(TASK DETAILS): Retype the following data exactly, but leave its pictures out.
DATA: Begin
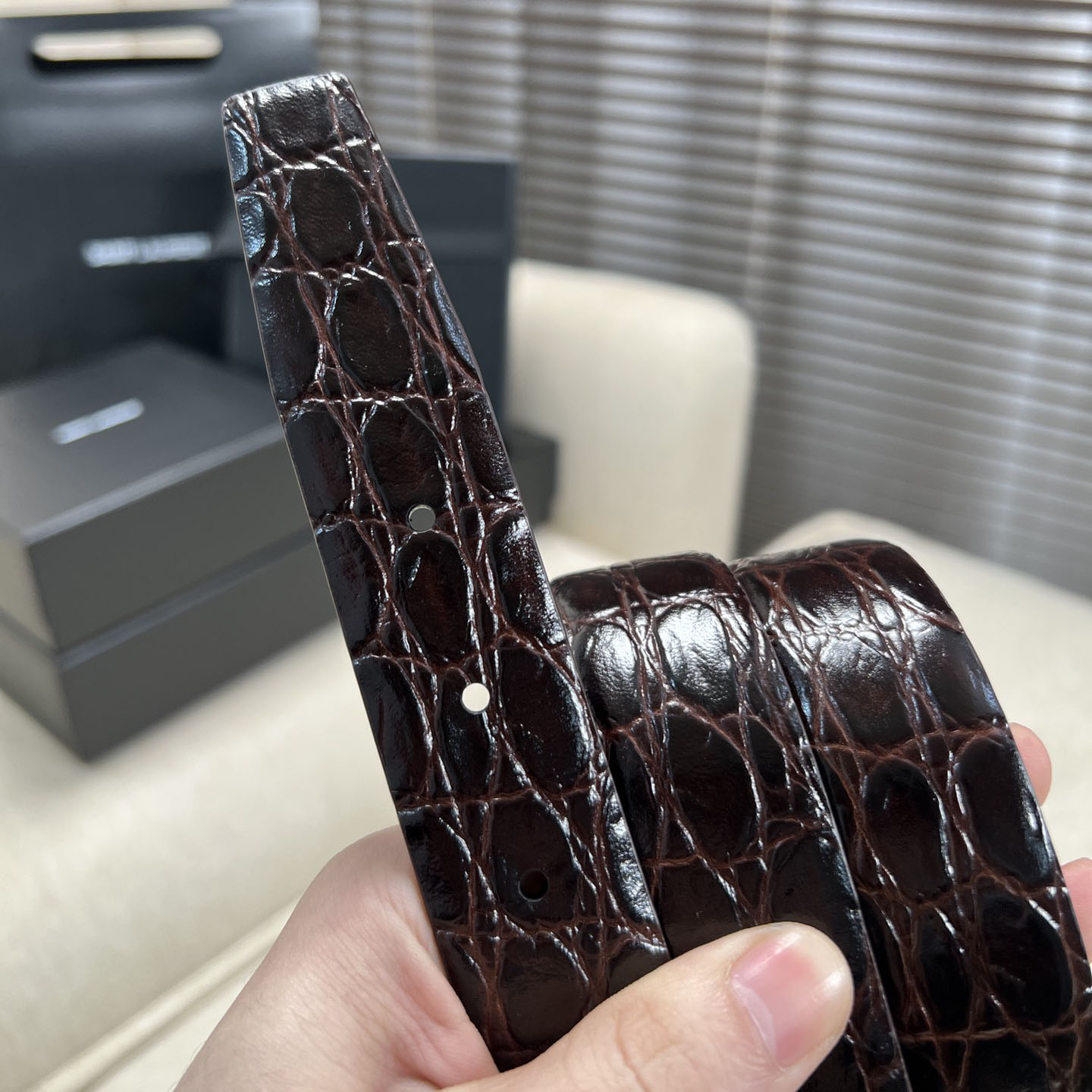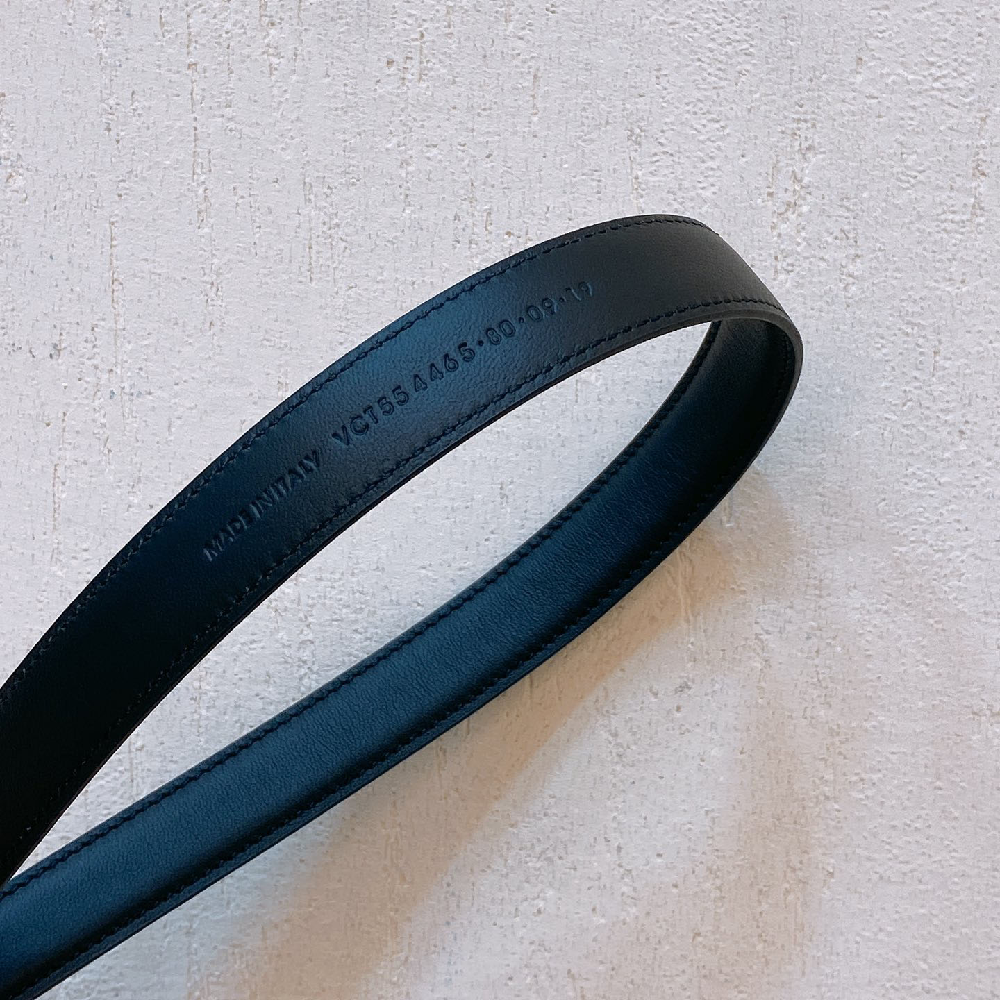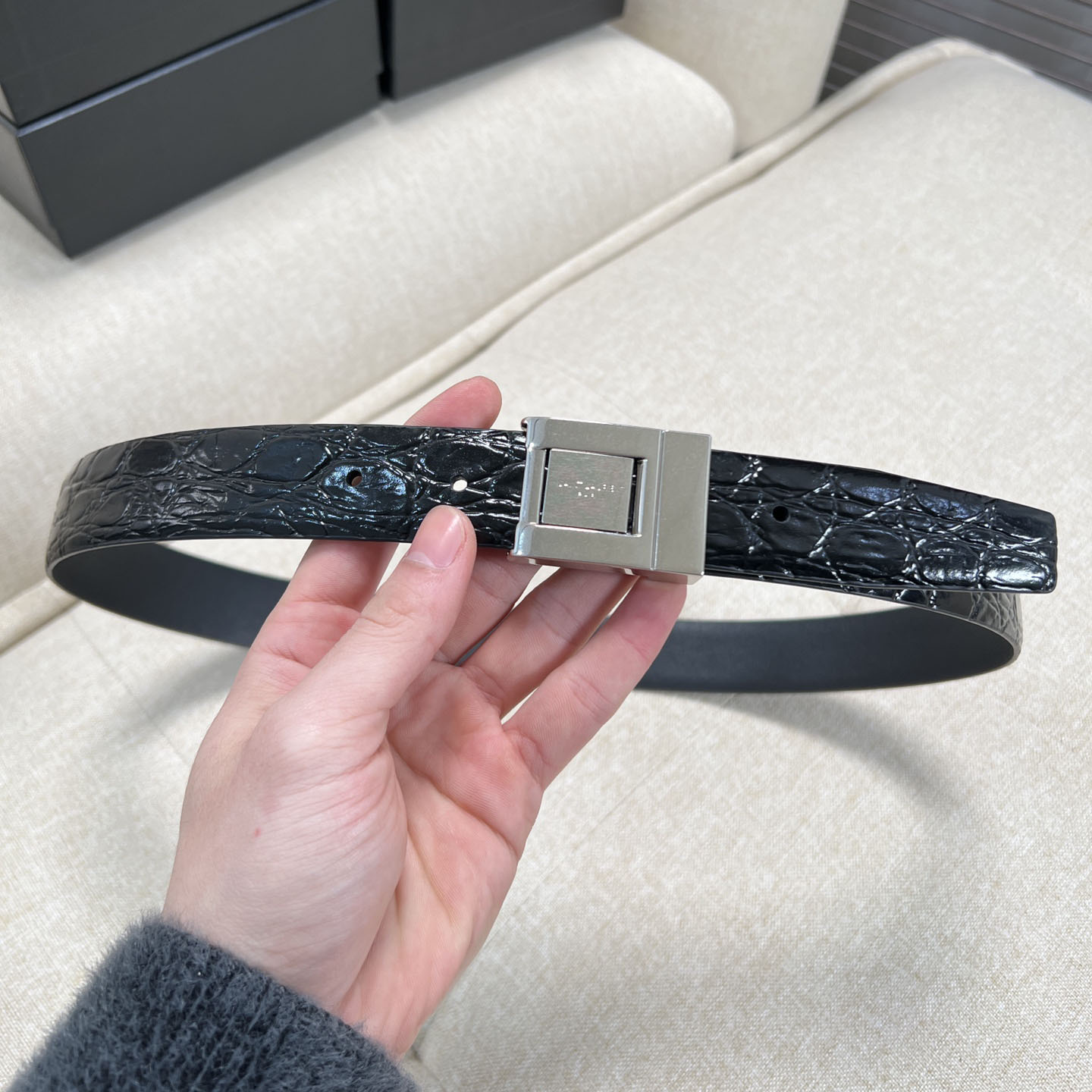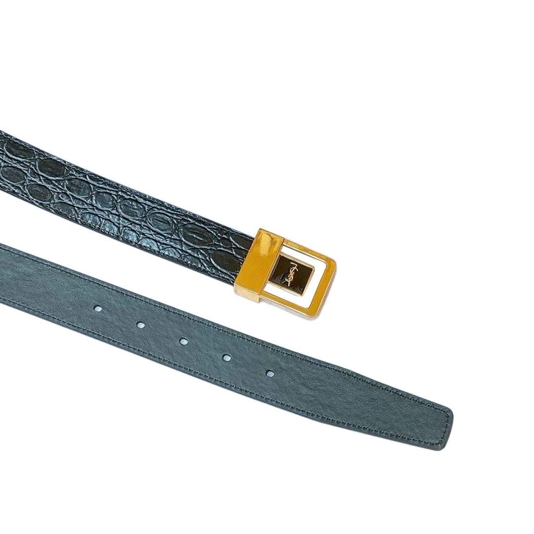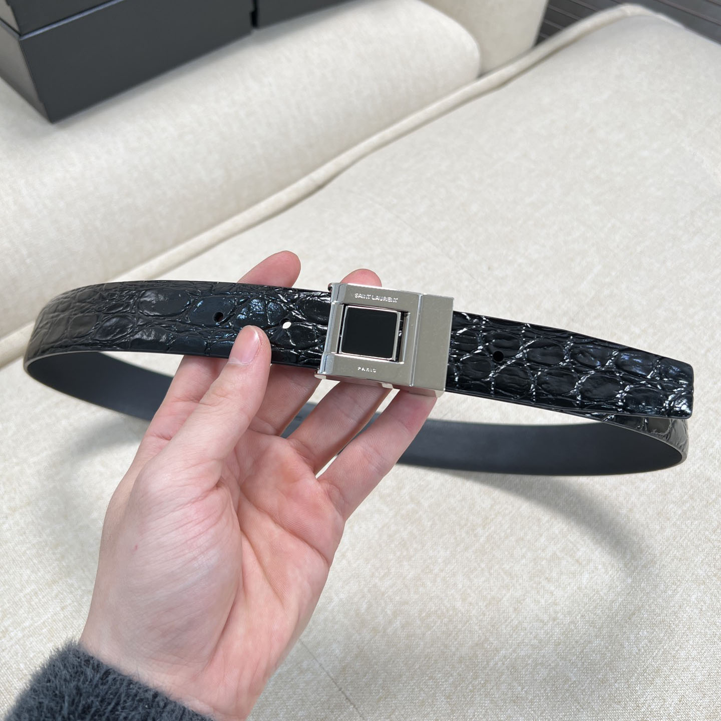 Saint Laurent Long Oval Buckle Thin Belt In Black Calfskin With Gold/Silver Hardware 15mm
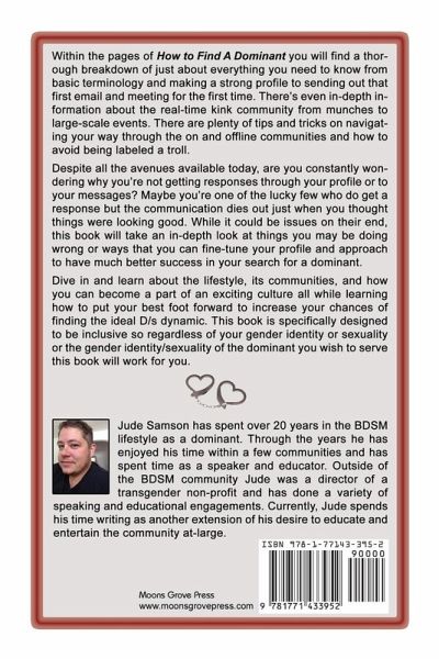 Within the pages of How to Find A Dominant you will find a thorough breakdown of just about everything you need to know from basic terminology and making a strong profile to sending out that first email and meeting for the first time. There's even in-depth information about the real-time kink community from munches to large-scale events. There are plenty of tips and tricks on navigating your way through the on and offline communities and how to avoid being labeled a troll. Despite all the avenues available today, are you constantly wondering why you're not getting responses through your profile or to your messages? Maybe you're one of the lucky few who do get a response but the communication dies out just when you thought things were looking good. While it could be issues on their end, this book will take an in-depth look at things you may be doing wrong or ways that you can fine-tune your profile and approach to have much better success in your search for a dominant. Dive in and learn about the lifestyle, its communities, and how you can become a part of an exciting culture all while learning how to put your best foot forward to increase your chances of finding the ideal D/s dynamic. This book is specifically designed to be inclusive so regardless of your gender identity or sexuality or the gender identity/sexuality of the dominant you wish to serve this book will work for you. About the Author: Jude Samson has spent over 20 years in the BDSM lifestyle as a dominant. Through the years he has enjoyed his time within a few communities and has spent time as a speaker and educator. Outside of the BDSM community Jude was a director of a transgender non-profit and has done a variety of speaking and educational engagements. Currently, Jude spends his time writing as another extension of his desire to educate and entertain the community at-large.
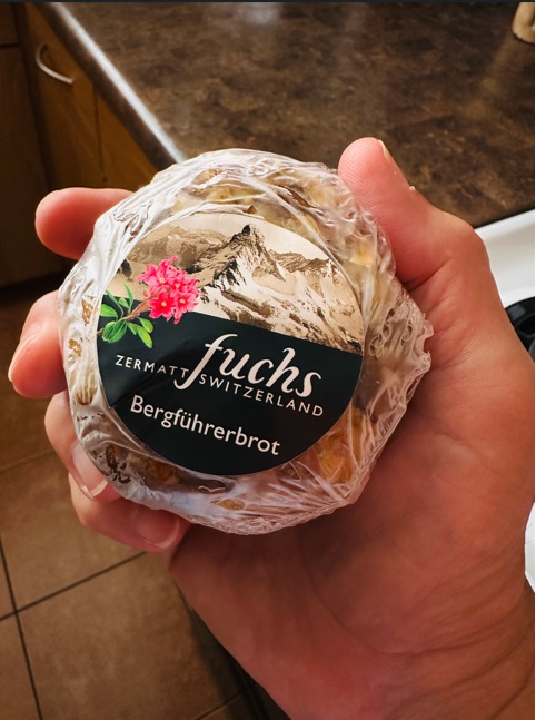 Al degustar la gastronomía típica de Zermatt e Interlaken, pude tener mi experiencia con algo único en Zermatt, se trata de un pan guía de montaña, elaborado con una antigua receta con manzanas frescas, higos, nueces, pasas sultanas, canela, cacao y una mezcla de harina de alto secreto. Es apto para veganos, es una exquisitez. Tuve mi primer encuentro con el chocolate suizo, que es otro producto famoso internacionalmente en la cocina de Suiza. En concreto, la primera vez que se preparó el chocolate con leche fue en Suiza.
DATA: End
(RESPONSE BELOW):
 Saint Laurent Long Oval Buckle Thin Belt In Black Calfskin With Gold/Silver Hardware 15mm
 Within the pages of How to Find A Dominant you will find a thorough breakdown of just about everything you need to know from basic terminology and making a strong profile to sending out that first email and meeting for the first time. There's even in-depth information about the real-time kink community from munches to large-scale events. There are plenty of tips and tricks on navigating your way through the on and offline communities and how to avoid being labeled a troll. Despite all the avenues available today, are you constantly wondering why you're not getting responses through your profile or to your messages? Maybe you're one of the lucky few who do get a response but the communication dies out just when you thought things were looking good. While it could be issues on their end, this book will take an in-depth look at things you may be doing wrong or ways that you can fine-tune your profile and approach to have much better success in your search for a dominant. Dive in and learn about the lifestyle, its communities, and how you can become a part of an exciting culture all while learning how to put your best foot forward to increase your chances of finding the ideal D/s dynamic. This book is specifically designed to be inclusive so regardless of your gender identity or sexuality or the gender identity/sexuality of the dominant you wish to serve this book will work for you. About the Author: Jude Samson has spent over 20 years in the BDSM lifestyle as a dominant. Through the years he has enjoyed his time within a few communities and has spent time as a speaker and educator. Outside of the BDSM community Jude was a director of a transgender non-profit and has done a variety of speaking and educational engagements. Currently, Jude spends his time writing as another extension of his desire to educate and entertain the community at-large.
 Al degustar la gastronomía típica de Zermatt e Interlaken, pude tener mi experiencia con algo único en Zermatt, se trata de un pan guía de montaña, elaborado con una antigua receta con manzanas frescas, higos, nueces, pasas sultanas, canela, cacao y una mezcla de harina de alto secreto. Es apto para veganos, es una exquisitez. Tuve mi primer encuentro con el chocolate suizo, que es otro producto famoso internacionalmente en la cocina de Suiza. En concreto, la primera vez que se preparó el chocolate con leche fue en Suiza.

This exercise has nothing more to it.